**Extracted information:**
##############################

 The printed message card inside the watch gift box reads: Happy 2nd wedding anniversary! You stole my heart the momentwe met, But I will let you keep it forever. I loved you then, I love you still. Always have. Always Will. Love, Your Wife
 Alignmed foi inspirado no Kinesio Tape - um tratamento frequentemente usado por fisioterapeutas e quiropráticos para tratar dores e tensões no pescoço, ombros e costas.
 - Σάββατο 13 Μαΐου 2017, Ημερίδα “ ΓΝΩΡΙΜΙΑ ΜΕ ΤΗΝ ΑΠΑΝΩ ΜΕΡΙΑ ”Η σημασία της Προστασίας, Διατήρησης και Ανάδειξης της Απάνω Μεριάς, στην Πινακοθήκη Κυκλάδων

##############################

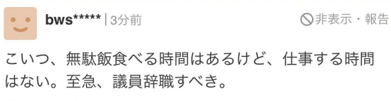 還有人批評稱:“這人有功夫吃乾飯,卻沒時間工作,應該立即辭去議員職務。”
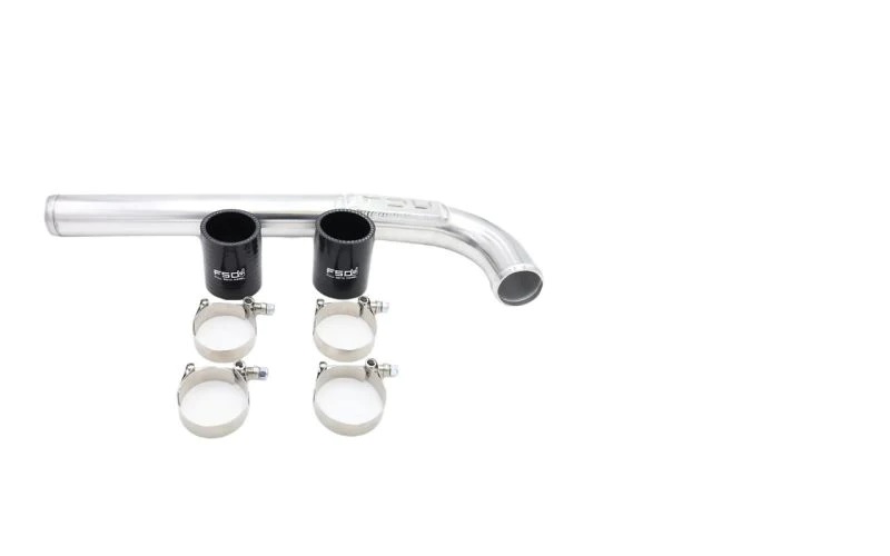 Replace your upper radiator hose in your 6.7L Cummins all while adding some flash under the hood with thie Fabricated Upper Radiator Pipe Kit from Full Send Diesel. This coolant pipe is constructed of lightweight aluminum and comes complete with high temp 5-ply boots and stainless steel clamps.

##############################

Please write out, exactly as they appear above, only the lines in the stretch from the line with "The printed message" through the line with "- Σάββατο 13".

**Task answer:**
 The printed message card inside the watch gift box reads: Happy 2nd wedding anniversary! You stole my heart the momentwe met, But I will let you keep it forever. I loved you then, I love you still. Always have. Always Will. Love, Your Wife
 Alignmed foi inspirado no Kinesio Tape - um tratamento frequentemente usado por fisioterapeutas e quiropráticos para tratar dores e tensões no pescoço, ombros e costas.
 - Σάββατο 13 Μαΐου 2017, Ημερίδα “ ΓΝΩΡΙΜΙΑ ΜΕ ΤΗΝ ΑΠΑΝΩ ΜΕΡΙΑ ”Η σημασία της Προστασίας, Διατήρησης και Ανάδειξης της Απάνω Μεριάς, στην Πινακοθήκη Κυκλάδων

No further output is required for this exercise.